5 - 22uF EIA3528 tant C6,9-12 [7] http://www.ebay.com/itm/160306954443
2 - 22pF 0805 capacitors C13-14 http://www.ebay.com/itm/251019275826
25 - 470nF 0805 capacitors * [8] http://www.ebay.com/itm/251025068518
4 - 10K 0805 resistors R1-4,10
3 - 2.2K 0805 resistors R5-6,9 [9]
1 - 0805 resistor R11 [10]
2 - 0805 resistor R7-8 [11]
1 - 0805 capacitor C30 [11]
1 - AMS1117 SOT-223 3.3V REG3.3 http://www.ebay.com/itm/170845847551
1 - AMS1117 SOT-223 1.2V REG1.2 http://www.ebay.com/itm/170966438741
NOTES
-----
[1] You can also use an LX4 FPGA: XC6SLX4-2TQG144C
[2] A CY7C68014A-56PVXC will also work, as will the 8KiB CY7C68013-56PVXC, but
it's not recommended; I can't guarantee the firmware will stay inside the
8KiB limit forever.
[3] Any 64Mbit or 128Mbit SDRAM with the same organization/pinout will suffice.

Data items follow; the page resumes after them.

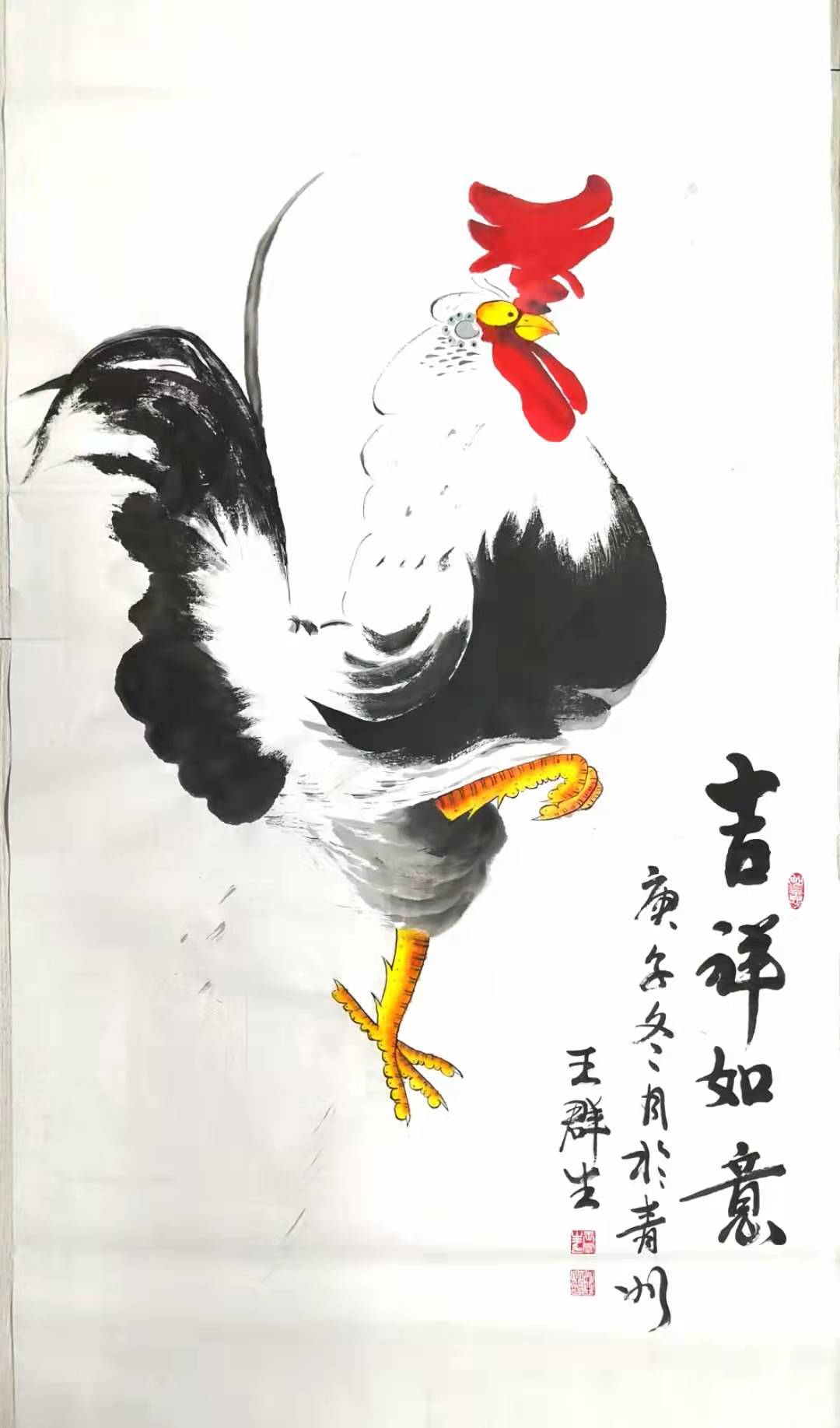 王群生,1963年出生,山東省青州市人。2014年在中国美院,主攻写意花鸟。最擅长写意公鸡图。潍坊市美术家协会,潍坊市书法家协会,
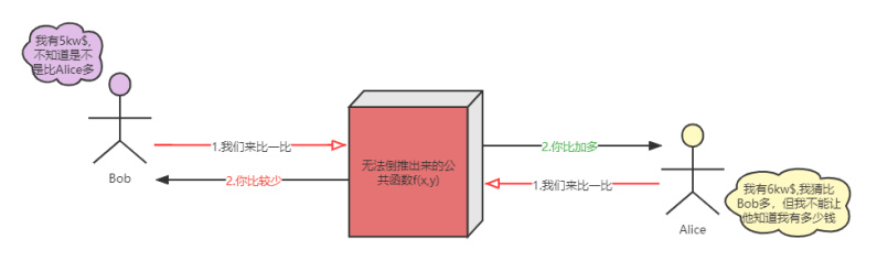 有两个百万富翁Alice和Bob,他们想比一比两个人谁的财富更多,但是由于财产是比较隐私的问题,因此两个人都不想向对方透露自己有多少财富;并且他们也不信任任何第三方。在这种前提下,该如何解决这个难题呢?
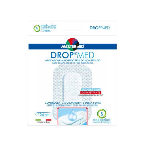 MASTER•AID DROP MED Medicazione traspirante in tessuto non tessuto, dotata di un tampone assorbente con sostanza disinfettante (clorexidina digluconato 0,5%). Collante ipoallergenico, privo di ...
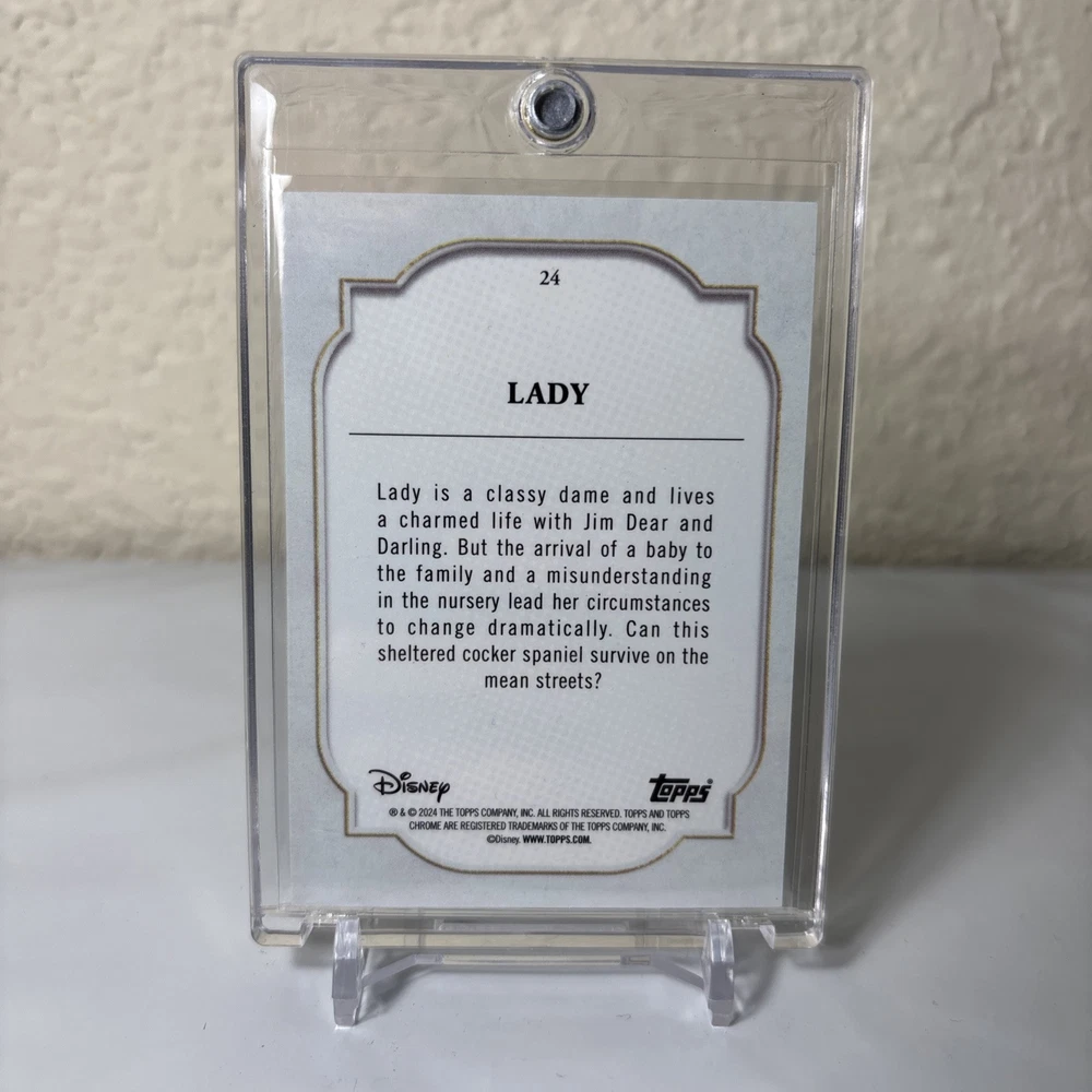 Delve into the enchanting world of Disney with the 2024 Topps Chrome Disney Lady Superfractor card, featuring the iconic duo from Lady and the Tramp. This exclusive collectible, a one-of-a-kind piece, showcases Lady in stunning detail, a true gem for Disney aficionados and trading card enthusiasts alike. Crafted with the renowned quality of Topps, the Superfractor parallel variety adds an extra layer of allure, making it a standout addition to any collection. With no autograph, the card's sleek design and the unique 'One of One' feature ensure its place as a singular masterpiece, capturing the magic of Disney's timeless storytelling.

For example: Micron MT48LC8M16A2P-6A or MT48LC8M16A2P-7E,
Samsung K4S281632F-TC(L)-60 or K4S281632F-TC(L)-75
Alliance AS4C8M16S-6TCN or AS4C8M16S-7TCN
AMIC A43L3616AV-7F
ISSI IS42S16400 (64Mbit)
You can also probably use a 256Mbit SDRAM like K4S561632N, but it has 13
address pins, so you'll either have to install a 10K pull-down at R12 (thus
only using the bottom half of each bank) or connect a flying wire from the
R12 pad near the SDRAM to an available FPGA I/O. Use of a 256Mbit SDRAM is
currently untested.
[4] An appropriate mating connector is http://www.ebay.com/itm/180611505374
[5] An appropriate mating connector is hard to find. You could cut from [2].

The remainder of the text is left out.